– Вы, конечно, создали эту сцену для своей драмы? – усмехнулся Фрике.
– Понятно. Четвертое действие, а дальше – наказание злодея. Но я думаю, дружок Фрике, что все эти заманчивые сети, расставляемые Марсьяком и этой Сусанной Мулен, не более как искусная ловушка. Они рассчитывают на твою молодость, неопытность. Поверь, что так.
– И в западне этой, без вашей помощи, погибла бы моя добродетель на веки, не так ли?
– Ну, теперь можешь уходить, дружок Фрике, у меня есть дело, надо заняться. Давно уже старался я припомнить, где слышал эту фамилию д'Анжель, и сегодня только вспомнил: у адвоката Баратена с улицы Сурдьер. Странное совпадение! Надо будет разобрать…
– Вы, значит, будете писать? – спросил Фрике, прощаясь со своим другом.
– Напротив, – ответил Николь, – я буду читать… – А про себя добавил: – Читать рукопись, которую мне дал этот Баратен, называя меня д'Анжелем.
XX
Общество Канайль и К°
Итак, для всех своих знакомых Марсьяк был все еще в Лондоне. Переписку с Викарио он вел так же аккуратно.
В один из понедельников от испанца пришла шифрованная записка следующего содержания: «Есть новости, довольно важные. В среду приходите непременно».
Марсьяк, всегда аккуратный и пунктуальный, и в этот раз явился в виноторговлю вдовы Сулайль в условленный час, в обычное время. Викарио был уже там, но пришел не один, он привел с собой какого-то блузника-оборванца. Это уже знакомый нам Флампен. Из ненависти к Фрике он сделался сообщником его врагов. В сущности, он был всегда таким же мошенником, как Викарио и Марсьяк, и превосходил их только своими лохмотьями.

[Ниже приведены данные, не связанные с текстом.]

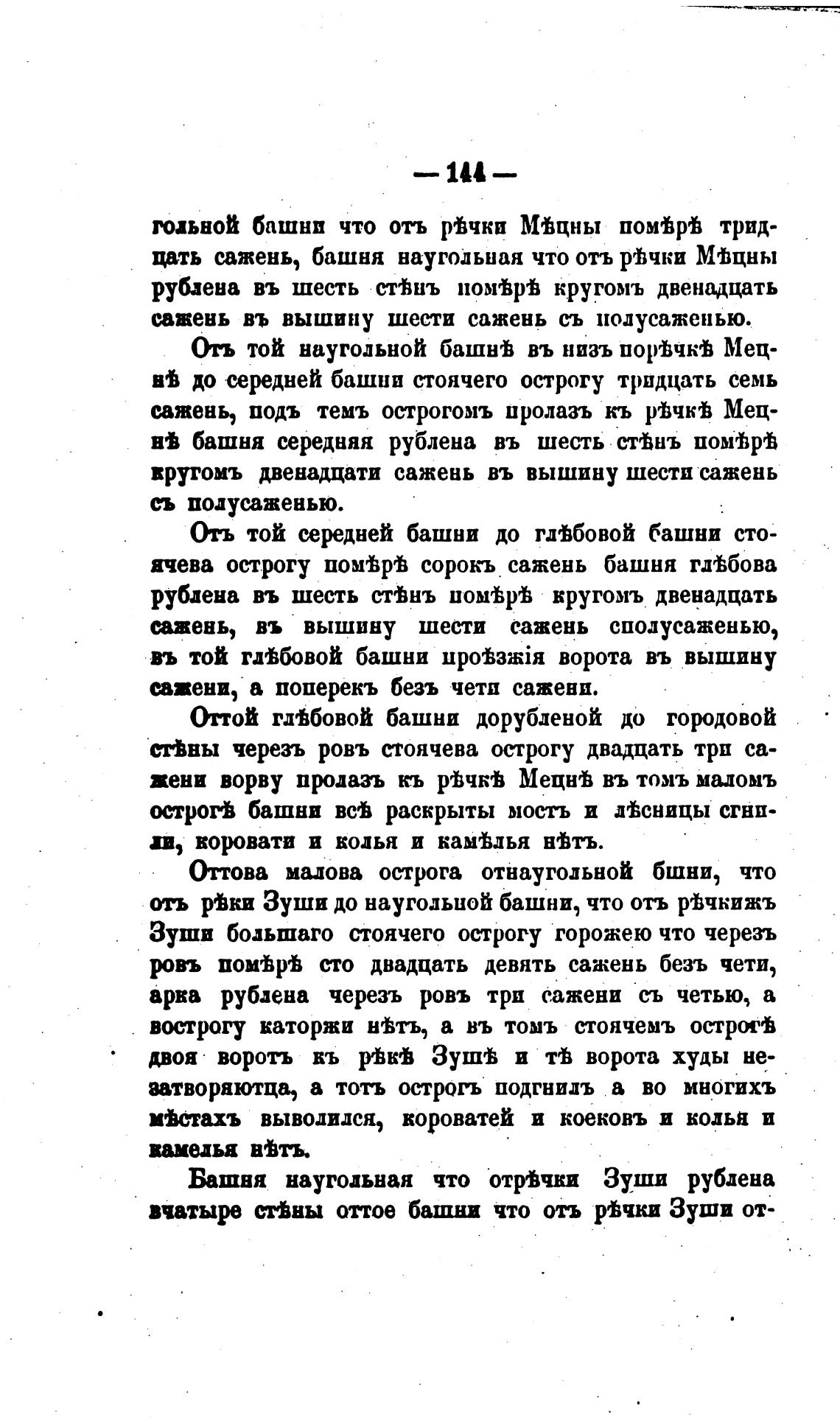 цать сажень, башня наугольная что отъ ррћчки Мјцны
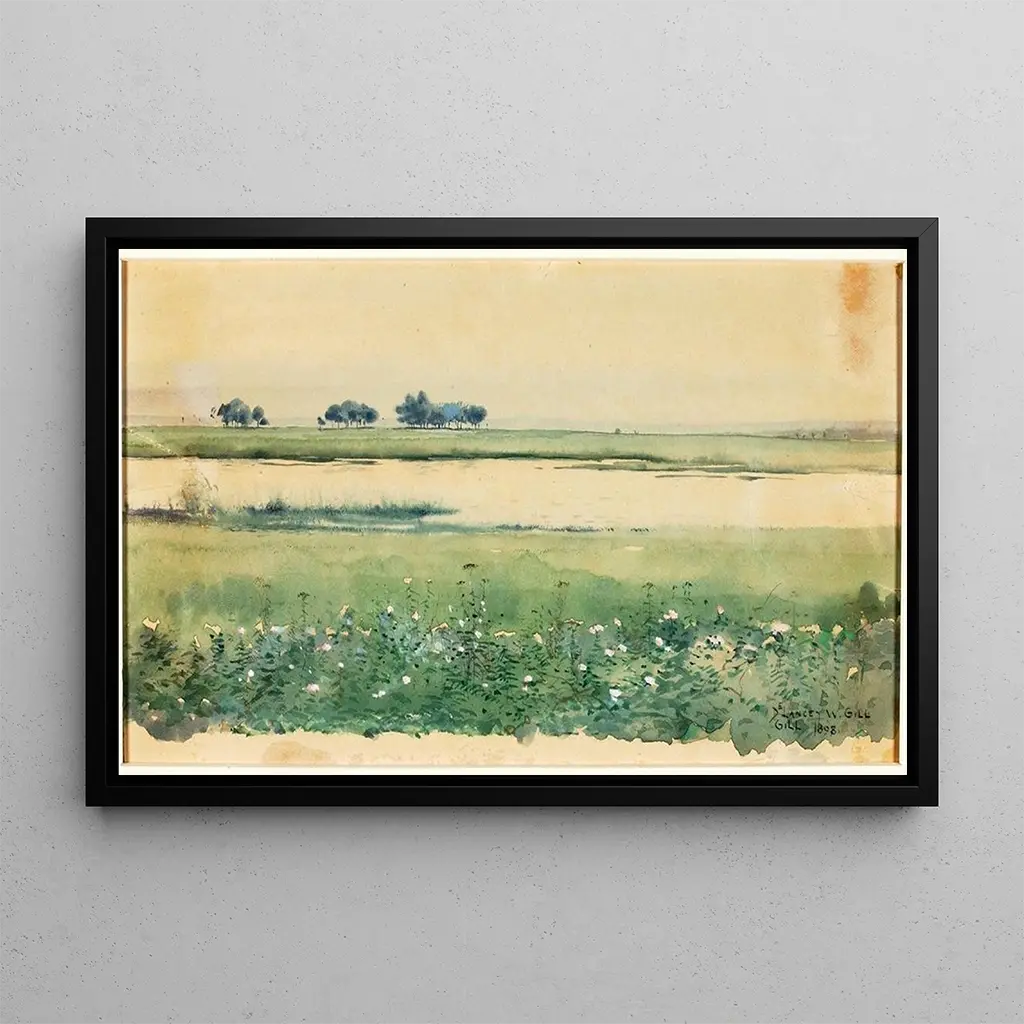 In this art print of the painting Paysage with Marsh, De Lancey Gill transports us to a peaceful universe where nature flourishes. The soft colors and shades of green blend harmoniously, creating a soothing atmosphere. Gill's technique, characterized by delicate brushstrokes, brings life to every element of the landscape, from reflections in the water to lush foliage. This art print invites contemplation, offering a moment of respite to the viewer, like an open window to an idyllic world.
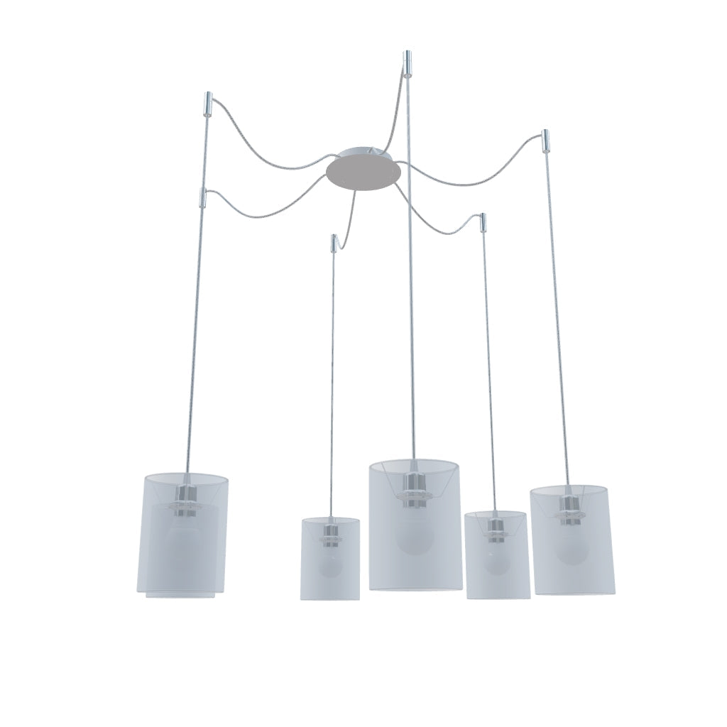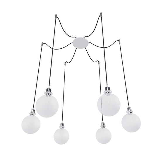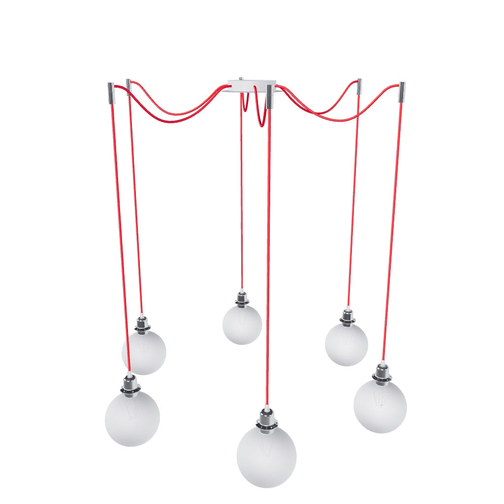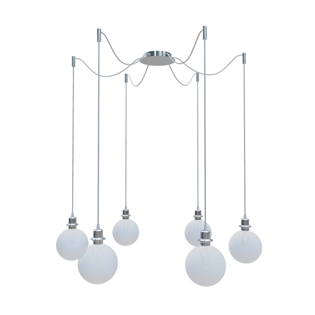 Luminaria colgante con una base de techo central y seis cuerdas textiles individuales con base de metal E27, para usar con lámparas decorativas o pantallas textiles adecuadas. Las cuerdas de suspensión están equipadas con agarraderas de techo de cromo, que se pueden colocar a una distancia individual de la base. Longitud total de la cuerda 3 m.
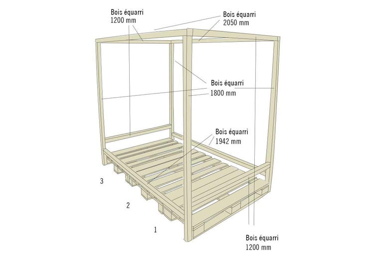 À présent, placer les deux bois équarris aux extrémités du lit de manière à ce que les équerres reposent sur la palette.
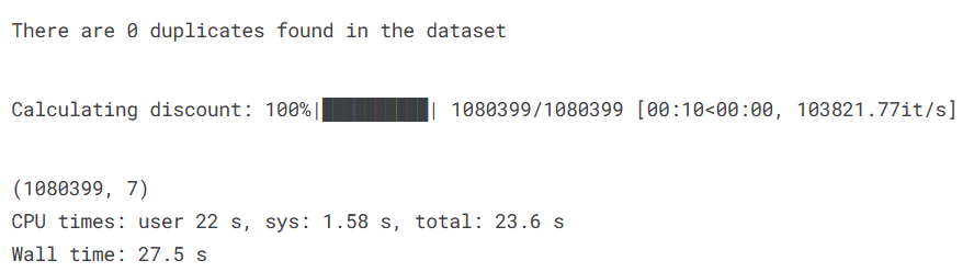 #处理商品信息数据集,计算商品折扣百分比,然后在显示进度
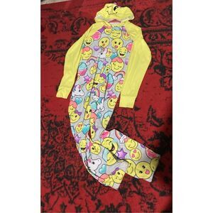 Girls kids Pajamas Pj’s Smiley Face one piece SZ 14 Unicorn EMOJI
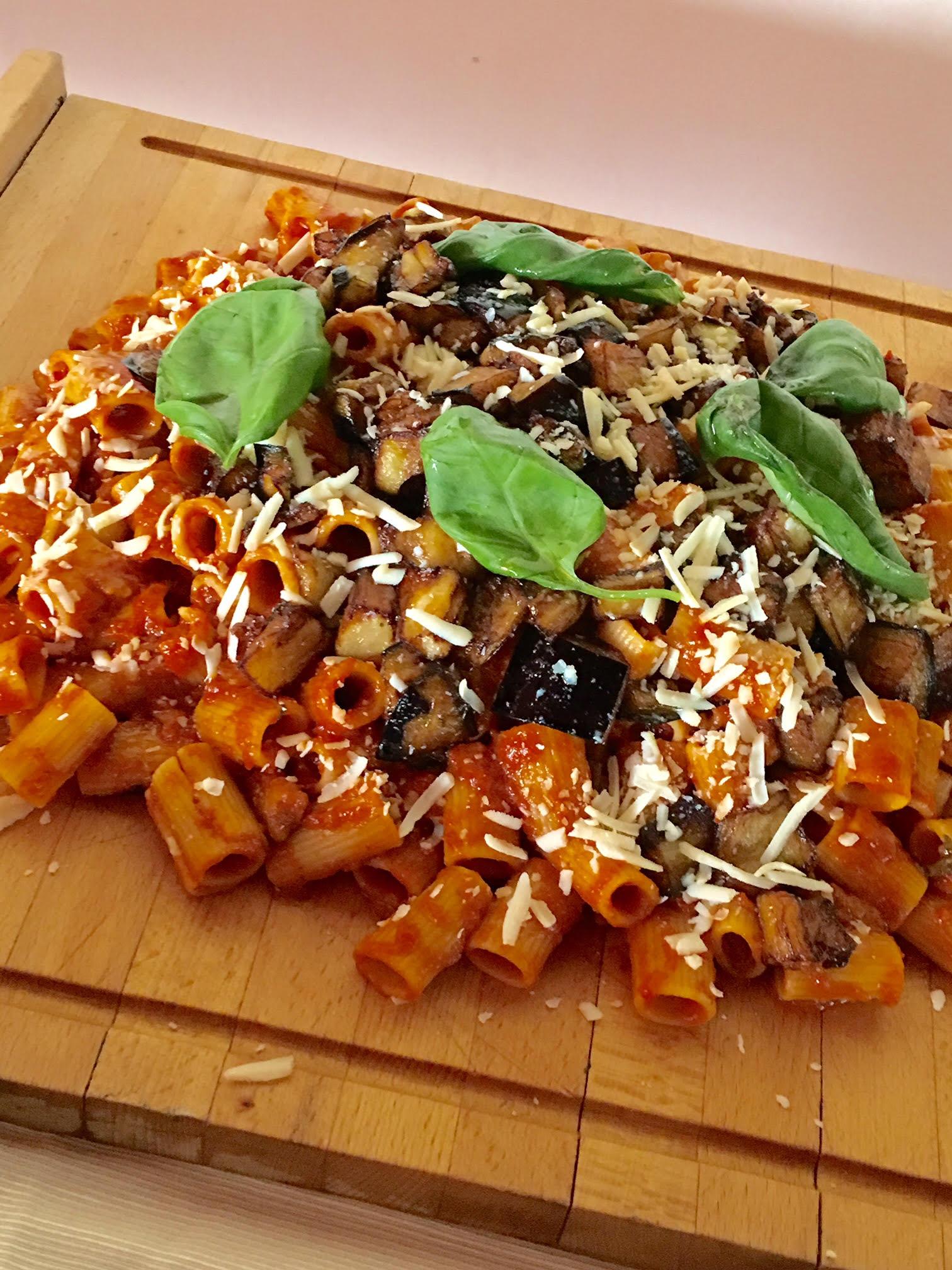 Smaka av tomatsåsen med salt och peppar och vänd ned den nykokta pastan i tomatsåsen, använd gärna en skvätt pastavatten om det känns torrt. Toppa med den stekta auberginen och rör om försiktigt.

Марсьяк покосился недоверчиво на незнакомое лицо.
– Не бойтесь! Это человек очень полезный. Он имеет сообщить вам кое-что.
И Флампен приступает к рассказу. Он сообщил Марсьяку все, что знал о тайных преследованиях его врагов. Он рассказал ему, как выследил барбиста и зуава.
– Да вы уже давно должны были знать все это, сударь, так как по возвращении своем из Версаля на задке экипажа я сейчас же послал вам анонимное письмо.
– Я не получал этого письма. Куда же оно было адресовано?
– Я сам передал его привратнику в переулке Гласьер на Итальянском бульваре.
– Что же это значит? – повернулся Марсьяк к испанцу.
– Мне его не передавали. Я и в глаза не видел никакого письма.
– Да я же сам писал его, сам отдал привратнику.
В подтверждение истины Флампен взял карандаш и нацарапал на клочке уже известный нам безграмотный адрес письма, конфискованного Жаном в тот самый день, как он бросил свою лакейскую должность.
– А как могли вы узнать мое имя? – пытливо поглядел ему в глаза Марсьяк.
– Да очень просто, сударь, не извольте беспокоиться, – заторопился Флампен. – Я хорошо знаю смазливенькую цветочницу, которой вы платите так щедро за ее цветочки. Притом друзья ваши назвали вас однажды по фамилии при мне. Для того, чтобы окончательно убедиться в том, что это именно вы, я зашел к привратнику дома в переулке Гласьер и спросил его, тут ли живет господин Марсьяк, что я принес маленькую болонку, купленную им для самой госпожи.
– Кто же вам сказал, что у меня есть какая-то госпожа?
– Никто, сударь. Я сказал просто наугад.
– Однако вы успели уже все вызнать и разузнать. Прыткий парень, нечего сказать!
– Да ведь разузнавал-то я для того, чтобы доконать этого ненавистного Фрике, – оправдывался Флампен. – Если бы вы знали, как я ненавижу этого мальчишку!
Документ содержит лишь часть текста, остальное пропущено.